Emphasizing the strength of GSK's research and development, the CEO pointed to the 20 vaccines and 42 medicines in the company's pipeline, with 11 late-stage assets forecast to achieve peak annual sales of over £20 billion. Among these, Morgan Stanley analyst Mark Purcell highlighted the potential of HIV medicine cabotegravir, a vaccine for respiratory syncytial virus, or RSV, in older adults, Zejula in non-small cell lung cancer, and rheumatoid arthritis medicine otilimab. But Purcell said the market will need to see additional clinical data or uptake dynamics for some of the others before giving GSK full credit for such a peak sales potential.

"We are very excited and confident about delivering on this step-change in performance and growth for new GSK as I highlighted," Walmsley said on the call. "We are we have been over the last four years leading a transformational program of change precisely to address some perennial underperformance."

Walmsley said R&D will be focused on four key areas: infectious disease, HIV, oncology and immunology/respiratory. Following "a real step-change in productivity of our R&D organization," the CEO said GSK will continue to consider in-licensing or bolt-on deals to strengthen the pipeline, notably in oncology. Of particular interest for business development would be the 'synthetic lethality' or immuno-oncology spheres, said Hal Barron, chief scientific officer and head of R&D.
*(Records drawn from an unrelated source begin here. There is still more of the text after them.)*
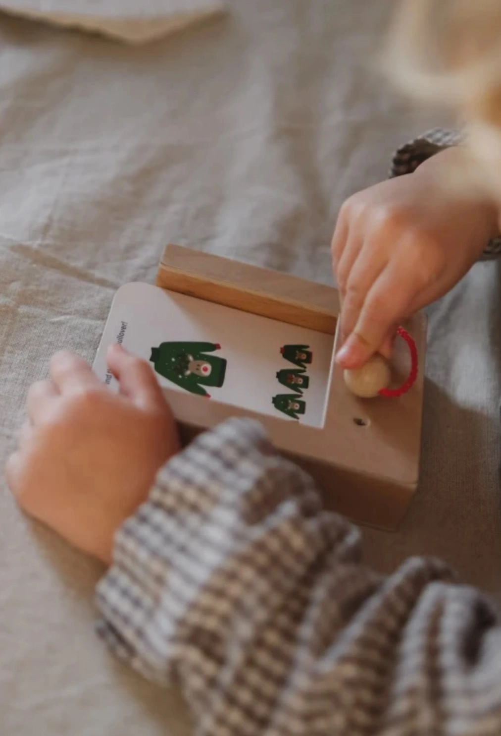 Drewniane pudełko z mechanizmem autokorekty + sześć zestawów kart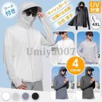 夏 ラッシュガード メンズ トップス 長袖 カーディガン フード付き 涼感 シンプル UVカット 日焼け止め服 薄手 涼しい 夏 自転車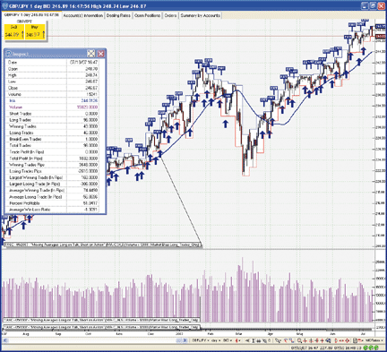 FIGURE 12: VT TRADER, TRONGONE MOVING AVERAGE FOR FOREX. Here is a GBP/JPY daily candlestick chart with the TMA trading system displayed. The Inspect Window displays some basic profit/loss statistics produced by the TMA system over the last 500 days.We'll be offering our modified Trongone MA trading system for download in our user forums. The VT Trader code and instructions for creating it are as follows (the input variables are parameterized to allow customization):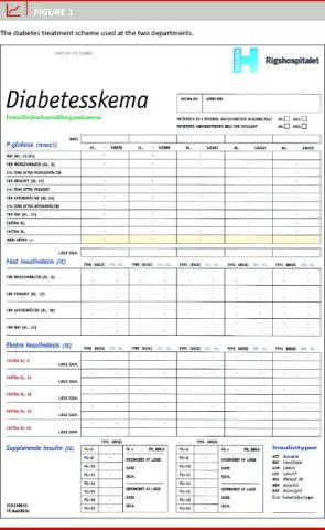This was an observational study on the management of hyperglycaemia in non-critically ill diabetic patients based on review of diabetes treatment schemes. The setting was two non-intensive departments, the Department of Nephrology (a medical department) with 40 beds and the Department of Vascular Surgery (a surgery department) with 26 beds, at Copenhagen University Hospital (Rigshospitalet), as these departments were expected to treat a considerable number of diabetic patients.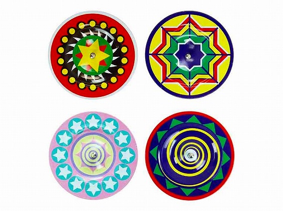 プラスチックの底ときれいなプリントのしたブリキの上部を合わせたこまです。軽いこまなので回しやすいです。バラ買い箱買いどちらでもお求めいただけます。箱買いの場合 4柄アソート12個入り。バラ買いの場合柄指定はできません。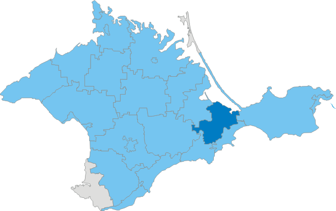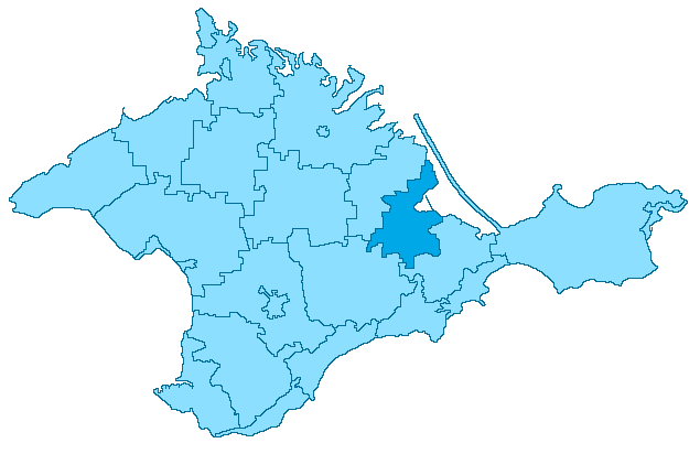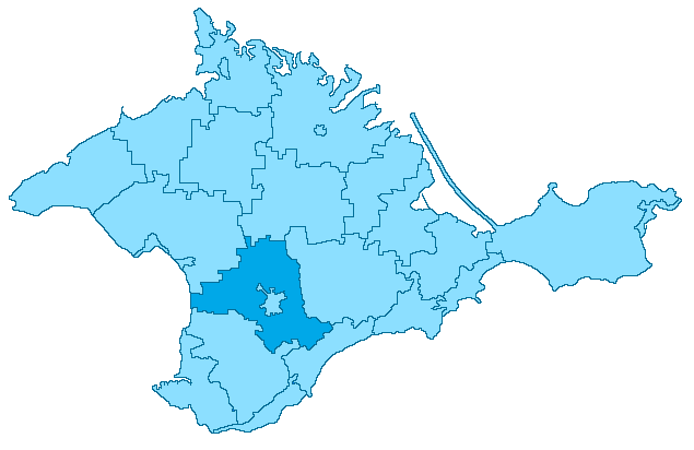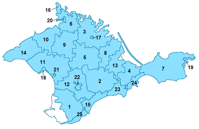 크림 공화국은 14개의 구(''라이온'')와 11개의 시 자치구(''gorodskoj sovet'' 또는 ''gorsovet''), 공식적으로는 ''시 의회가 관할하는 지역''으로 나뉜다.[69]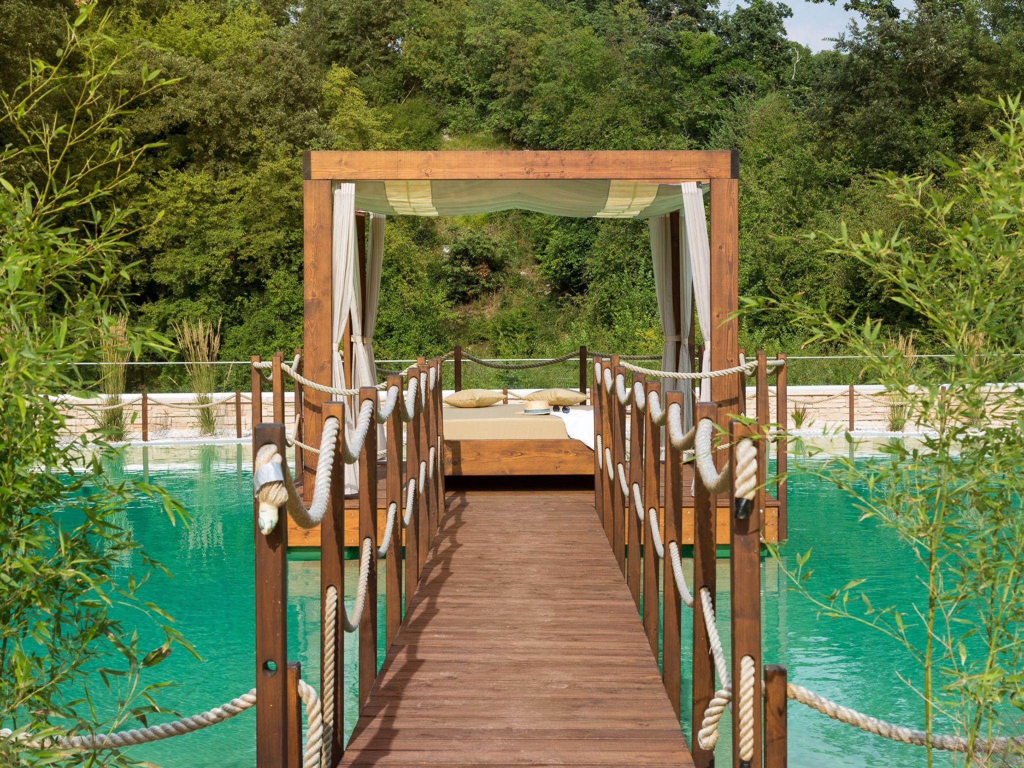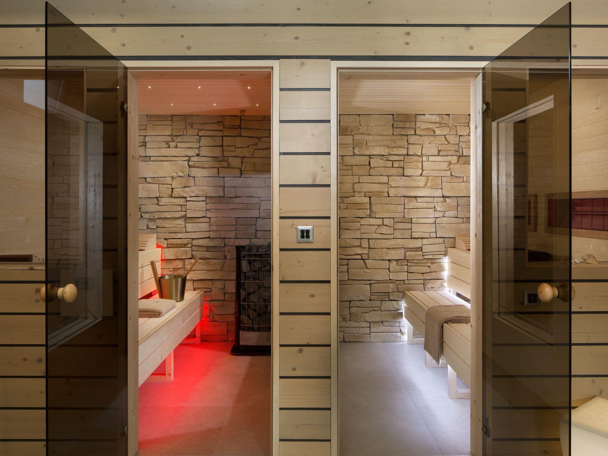 The outdoor area is a dream come true for those seeking relaxation. A spacious chill-out area awaits you with a 72 square metre pool, chic sun loungers and a private pond. A small house with a large feel-good zone, accessible via a bridge, offers a marvellous garden view and invites you to dream, read and relax. The indoor spa oasis completes the wellness experience with Turkish and Finnish saunas, a whirlpool and a heated swimming pool, complemented by a fitness room for sporting activities.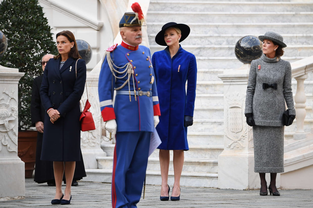 La princesse Stéphanie de Monaco, la princesse Charlène de Monaco, mais aussi la princesse Caroline de Hanovre ont assisté au défilé militaire sur la Place du Palais.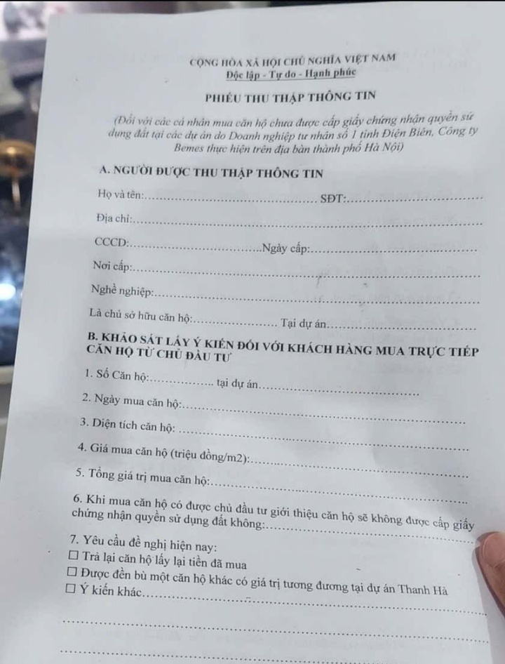 Trong phiếu, hai phương án chính được đưa ra gồm: Trả lại căn hộ để nhận lại tiền đã mua; Được đền bù bằng một căn hộ khác có giá trị tương đương tại Khu đô thị Thanh Hà. Người dân đồng ý với phương án nào thì tích vào phương án đó. Trường hợp không đồng ý với 2 phương án này thì người dân có bất kỳ ý kiến, mong muốn nào sẽ ghi vào mục ý kiến khác.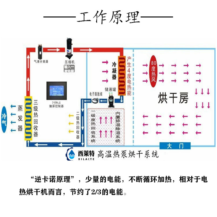 1、节能高效:空气源热泵烘干机的运行费用只有燃油干燥机的40%,燃煤干燥机的60%和电热加热设备的30%,大大节省了烘干的成本为企业创造了直接的利润。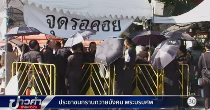 วันนี้ประชาชนทยอยมากราบถวายบังคมพระบรมศพ พระบาทสมเด็จพระปรมินทรมหาภูมิพลอดุลยเดช อย่างต่อเนื่อง การจัดระบบคิวเป็นไปด้วยความเรียบร้อยดี ไม่มีปัญหาการแทรกคิว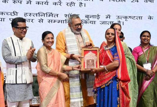 कार्यक्रम के बाद, गणमान्य व्यक्तियों को पुरस्कार विजेता हथकरघा प्रदर्शनियों का अवलोकन कराया गया, जिसमें भारतीय बुनाई की विविध कलात्मकता और क्षेत्रीय समृद्धि का प्रदर्शन किया गया।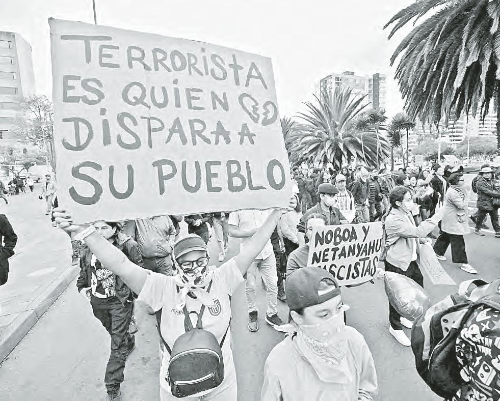 tá confrontando como si fuesen narcotraficantes y los acusa de “terrorismo”. La lucha de la Conaie ha sido tenaz; recordamos las grandes movilizaciones de 2019 y 2022 que incluyeron la toma de la capital. A pesar de la represión, “la lucha sigue, el paro no se detiene”, clama la Conaie, que demanda la eliminación del decreto 126, la libertad de los detenidos por el gobierno, el esclarecimiento de los crímenes, salud, educación y se opone a las gestiones del presidente Daniel Noboa, que en estos momentos críticos ofrece abrir bases estadunidenses en el territorio. ¡Toda nuestra solidaridad! Pablo Moctezuma Barragán

"We believe that we have one of the most exciting immuno-oncology portfolios," Barron said on the media call. The chief scientific officer suggested that GSK is unlikely to crystallize value from the sale of equity stakes it holds in biotechs including CureVac NV, Vir Biotechnology Inc., Lyell Immunopharma Inc. and soon-to-be-listed 23andMe Holding Co.

"The opportunity we have when we do business development is to create a win-win for both companies. And that's why we take these equity investments particularly when we're impressed with both the technology and the talent at these companies," Barron told S&P Global Market Intelligence.

"How we use that and how we invest that [in] new business development deals, we'll have to look at that on a case-by-case basis," Barron added. "But I think these are the kind of deals that we can expect, those that really leverage important technology, as well as leverage our focus on human genetics and the immune system."

Vaccine plans

Turning to the vaccines business, Walmsley pointed out that GSK has 16 candidates in late-stage development including five that could potentially launch by 2026, notably its late-stage RSV vaccine. The biopharma group is looking to include messenger RNA — used for Moderna Inc.'s and BioNTech SE-Pfizer Inc.'s successful COVID-19 vaccines — as one of its technology platforms potentially by next year, the CEO said.

Elsewhere, plans to list the spinoff consumer business will result in GSK holding on to a 20% stake in the unit in the short term, which Morgan Stanley estimates could raise up to £5 billion when off-loaded. GSK also announced a higher-than-expected dividend for 2022 of 55 pence, dropping back to 45 pence from 2023 beating consensus expectation of 37 pence for the new biopharma business. Walmsley predicted sales growth of 5% in the next five years and adjusted operating profit of 10% at the U.K.'s second-largest pharmaceutical company.

After recent stake-building by U.S. activist investor Elliott Management heaped greater scrutiny on GSK's strategy plans, Walmsley's focus remained on communicating "this most important corporate shift for 20 years" and refused to be drawn on shareholders. Still, she was unwavering in defense of her continuing role as CEO.

"I am a change agent. I am a business leader. And I am very excited about the new plans for new GSK that we're laying out today," she said. "My focus is resolutely on leading us through this transformation through a successful separation and with momentum beyond that."